Pomegranate and Walnut Salad (Printable)

Fresh pomegranate seeds, walnuts, and seasonal fruits in a light cinnamon dressing

# What You Need:

→ Fruits

01 - 1 large pomegranate, seeds only
02 - 1 large orange, peeled and segmented
03 - 1 crisp apple, cored and diced
04 - 1 ripe pear, cored and diced

→ Nuts and Seeds

05 - 1/2 cup walnuts, roughly chopped
06 - 2 tablespoons pumpkin seeds
07 - 2 tablespoons sunflower seeds

→ Dressing

08 - 2 tablespoons extra-virgin olive oil
09 - 1 tablespoon freshly squeezed lemon juice
10 - 1 teaspoon honey or maple syrup
11 - 1/4 teaspoon ground cinnamon
12 - Pinch of sea salt

→ Garnish

13 - 2 tablespoons fresh mint leaves, chopped

# Step-by-Step:

01 - In a large salad bowl, combine the pomegranate seeds, orange segments, diced apple, and diced pear.
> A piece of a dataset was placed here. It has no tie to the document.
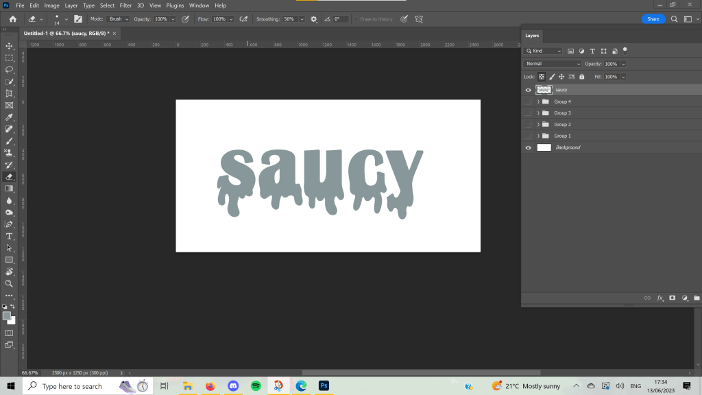 Saucy was another difficult word to work with in this format. There were a few definitions, one referring to sex in a humourous way, and another being covered in sauce, but I chose to go for ‘rude and showing no respect’ which was fun to show off with mismatched letters ignoring the rules of where they’re supposed to be. For swagger, I felt that having each letter slightly spread out and descending the g’s emphasised the confident ‘swinging movement’ of walking with swagger. I like how both of these turned out.

Add the chopped walnuts, pumpkin seeds, and sunflower seeds to the bowl.
02 - In a small bowl, whisk together the olive oil, lemon juice, honey or maple syrup, ground cinnamon, and sea salt until well combined.
03 - Drizzle the dressing over the fruit and nut mixture. Gently toss to coat all ingredients evenly.
04 - Sprinkle with fresh mint leaves for garnish, if desired. Serve immediately or refrigerate for up to 2 hours before serving for enhanced flavors.

# Expert Suggestions:

01 -
  • Vibrant winter colors and refreshing flavors.
  • Quick and easy preparation in just 15 minutes.
  • A healthy, anti-inflammatory, and gluten-free snack or side.
02 -
  • For extra crunch, lightly toast the walnuts and seeds in a dry pan before adding them.
  • Always check individual ingredient labels for allergens, particularly regarding the walnuts and mixed seeds.